Given records START
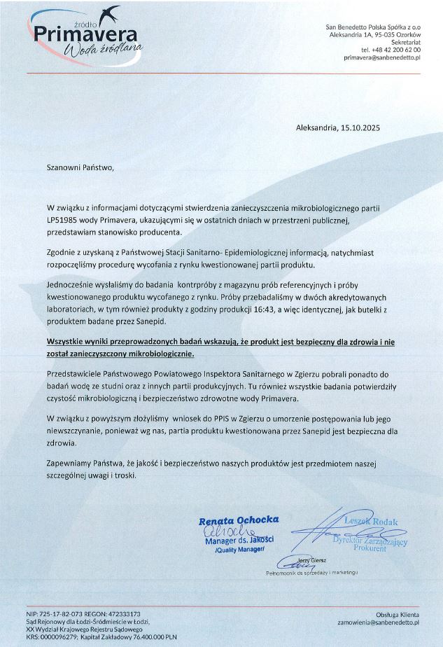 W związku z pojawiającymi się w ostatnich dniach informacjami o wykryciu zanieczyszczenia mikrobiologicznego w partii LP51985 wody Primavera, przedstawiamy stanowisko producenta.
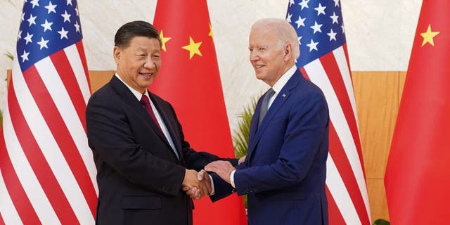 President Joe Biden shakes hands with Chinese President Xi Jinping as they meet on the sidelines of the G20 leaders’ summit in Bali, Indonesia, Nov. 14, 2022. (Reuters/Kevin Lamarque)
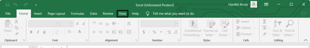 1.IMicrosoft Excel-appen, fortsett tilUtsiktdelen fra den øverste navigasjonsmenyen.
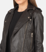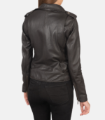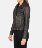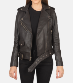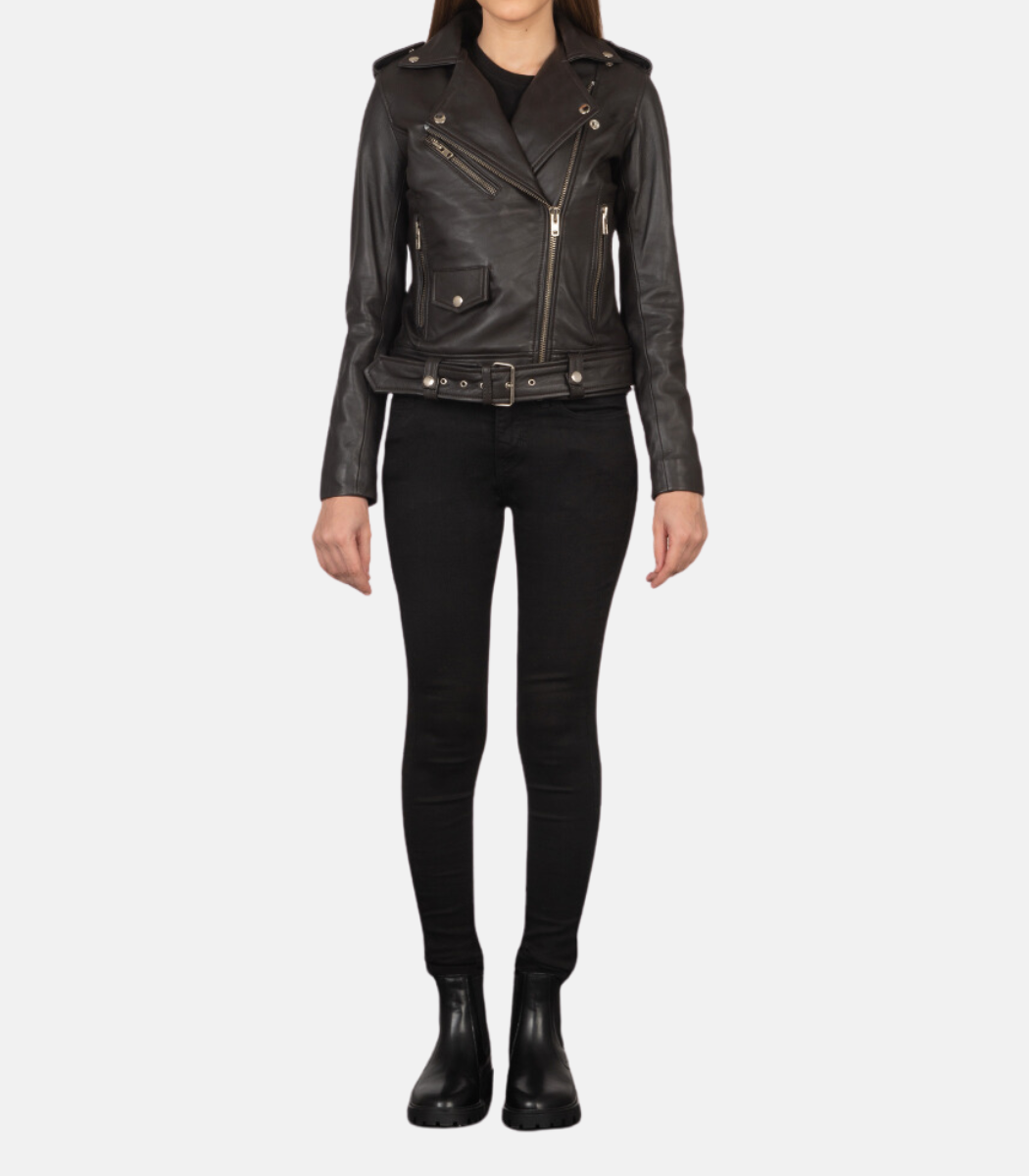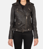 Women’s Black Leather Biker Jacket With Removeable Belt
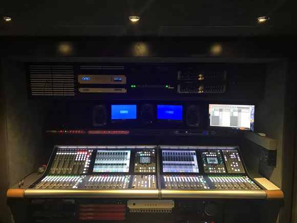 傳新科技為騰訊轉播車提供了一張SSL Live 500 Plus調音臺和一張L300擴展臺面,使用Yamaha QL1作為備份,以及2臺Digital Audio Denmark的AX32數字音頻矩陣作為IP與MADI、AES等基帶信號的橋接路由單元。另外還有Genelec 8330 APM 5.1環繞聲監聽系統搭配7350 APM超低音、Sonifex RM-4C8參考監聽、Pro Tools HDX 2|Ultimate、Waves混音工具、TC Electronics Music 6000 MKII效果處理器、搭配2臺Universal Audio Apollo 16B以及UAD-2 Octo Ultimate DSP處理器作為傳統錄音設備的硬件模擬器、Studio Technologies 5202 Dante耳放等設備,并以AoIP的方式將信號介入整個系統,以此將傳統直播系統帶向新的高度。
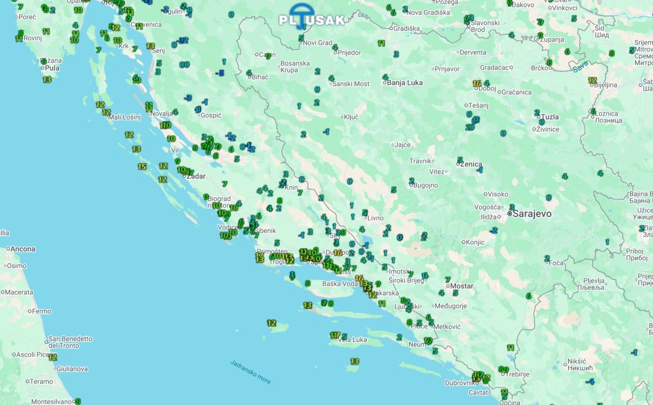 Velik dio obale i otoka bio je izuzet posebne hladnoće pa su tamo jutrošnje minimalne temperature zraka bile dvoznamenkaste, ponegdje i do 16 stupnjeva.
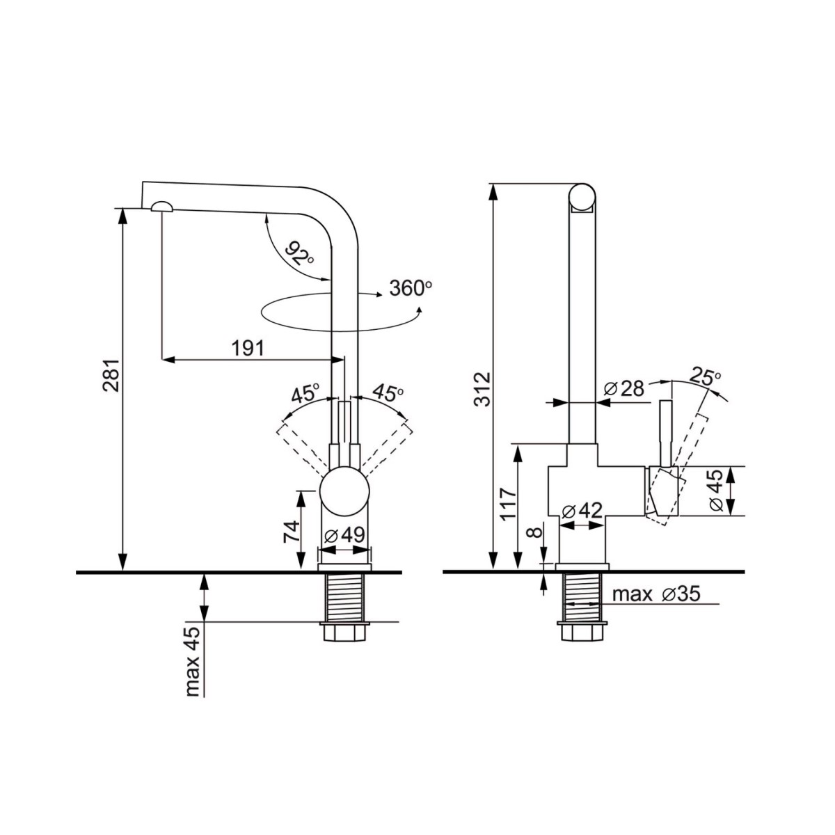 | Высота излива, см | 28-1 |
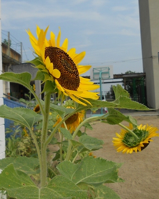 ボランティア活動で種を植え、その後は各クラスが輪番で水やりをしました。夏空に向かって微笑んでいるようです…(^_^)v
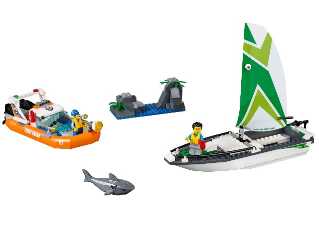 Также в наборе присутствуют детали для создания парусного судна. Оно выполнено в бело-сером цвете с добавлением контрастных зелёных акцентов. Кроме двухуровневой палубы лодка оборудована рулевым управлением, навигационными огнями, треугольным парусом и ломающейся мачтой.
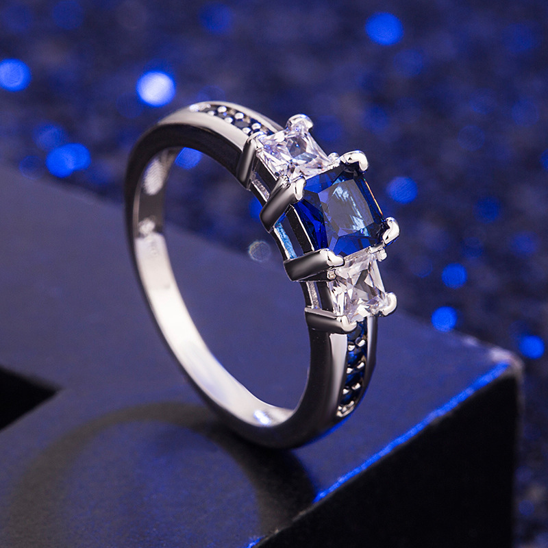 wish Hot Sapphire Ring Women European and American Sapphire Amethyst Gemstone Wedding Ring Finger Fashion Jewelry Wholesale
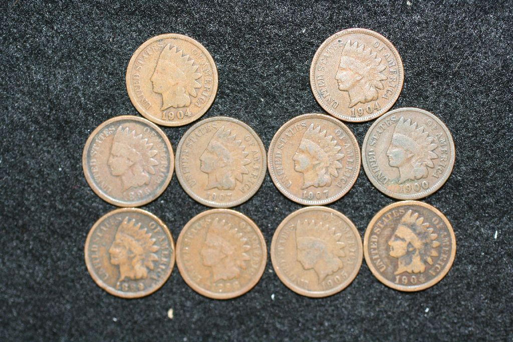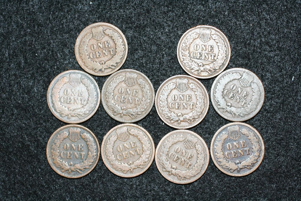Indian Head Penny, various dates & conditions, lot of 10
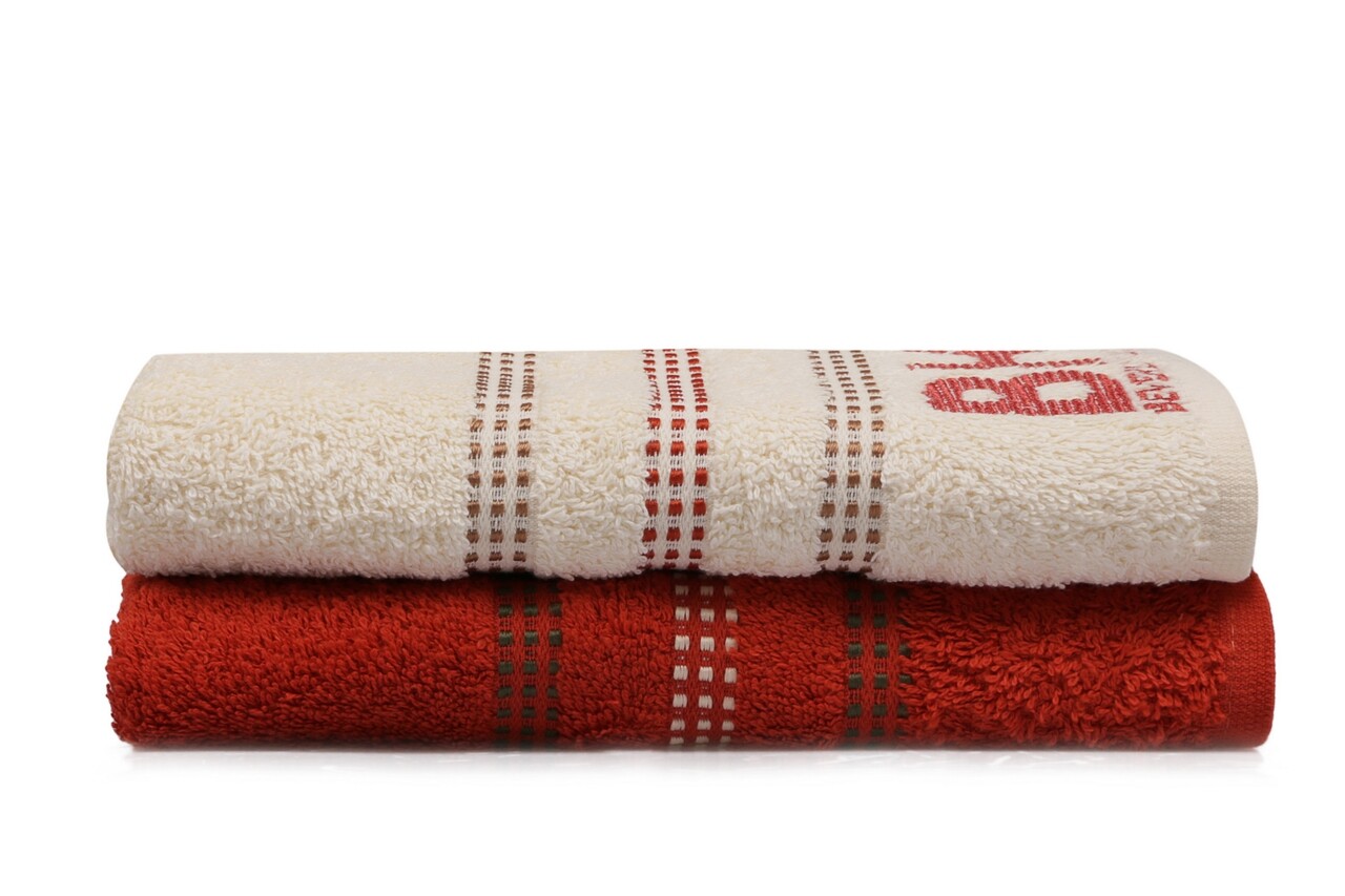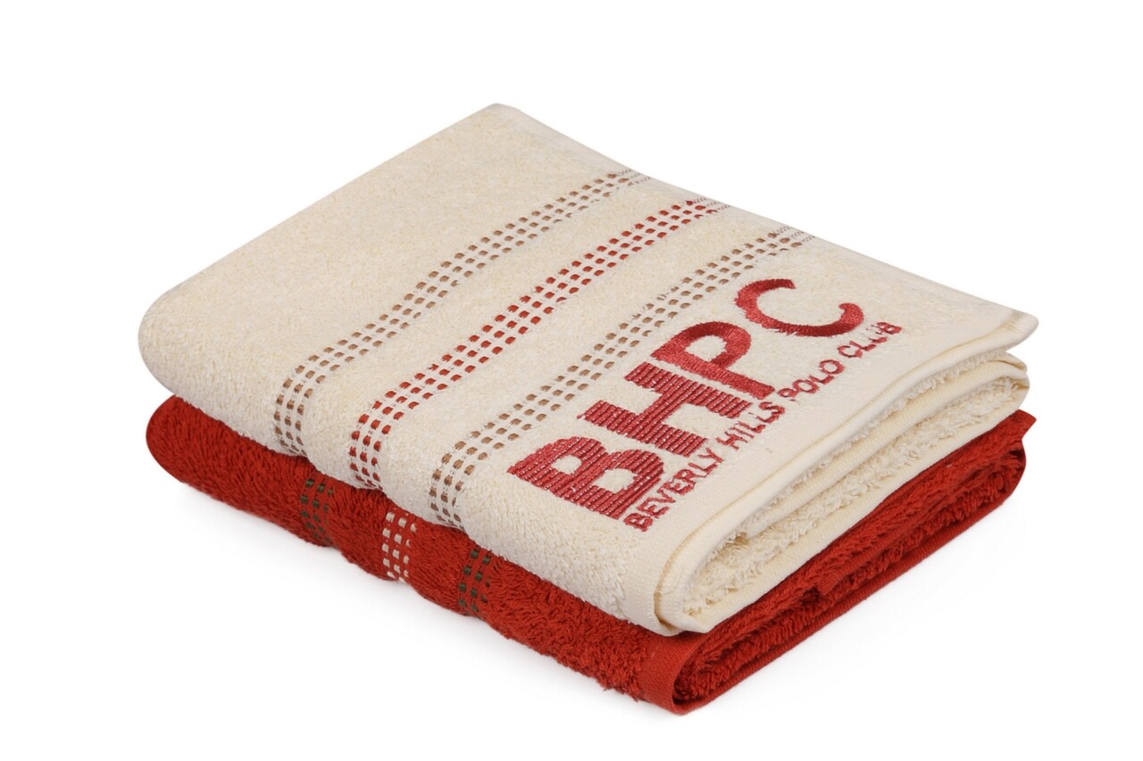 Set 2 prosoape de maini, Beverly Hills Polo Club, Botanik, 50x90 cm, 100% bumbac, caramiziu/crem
Given records END
Output, line for line and exactly, the records above from their first line through the one with "Women’s Black Leather", both ends included, but no pictures.

 W związku z pojawiającymi się w ostatnich dniach informacjami o wykryciu zanieczyszczenia mikrobiologicznego w partii LP51985 wody Primavera, przedstawiamy stanowisko producenta.
 President Joe Biden shakes hands with Chinese President Xi Jinping as they meet on the sidelines of the G20 leaders’ summit in Bali, Indonesia, Nov. 14, 2022. (Reuters/Kevin Lamarque)
 1.IMicrosoft Excel-appen, fortsett tilUtsiktdelen fra den øverste navigasjonsmenyen.
 Women’s Black Leather Biker Jacket With Removeable Belt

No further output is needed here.